In October 1999, 19 Chinese trainees came to the Takefu city office pleading for help. In their first year in Japan as interns, the women had been promised ¥50,000 a month, but scraped by on ¥10,000. The next year, as technical trainees, they should have received ¥115,000 a month. After health insurance, pension, rent, forced "savings" and administrative fees for the staffing agency in China were deducted, what they got was ¥15,000. The women walked for five hours from their workshop in the mountains of Fukui Prefecture to talk with the director of their placement organization at his home. Instead of receiving answers, they were turned away with harsh words — and even blows.
The incident was discussed in the Diet and became a symbol of the profound problems with the trainee system. Shortly afterwards, citizens' groups formed to protect the rights of trainees and organizations already working to protect foreigners' rights found a new focus. More than 10 years later, leaders of these groups say they have seen some positive changes, but abuses of the system are still endemic.

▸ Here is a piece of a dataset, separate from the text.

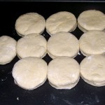 Grab a sheet pan, and apply the biscuits. Make sure they’re touching slightly, and don’t grease the pan; this contributes to the lift (they can’t stretch out on the sides, so they have to go up). Use your thumb and make little dimples in the top. Not very deep, just enough that the center is lower than the outside edges. Brush a little milk on the tops of the biscuits for some extra browning, then put the pan in the middle of your oven for 10-12 minutes.

Started in 1993, the aim of the Technical Intern Training Program is to "provide training in technical skills, technology (and) knowledge" to workers from developing countries, according to the Japan International Training Cooperation Organization (JITCO), which oversees the program. But in practice, say advocacy groups, the majority of both trainees and the companies who accept them think of the relationship primarily as regular employment. A convoluted placement system complicates the situation: Between the trainees — the majority of whom come from China — and the workplace where they end up, there are usually at least three intermediary organizations involved, in Japan and the participants' native country.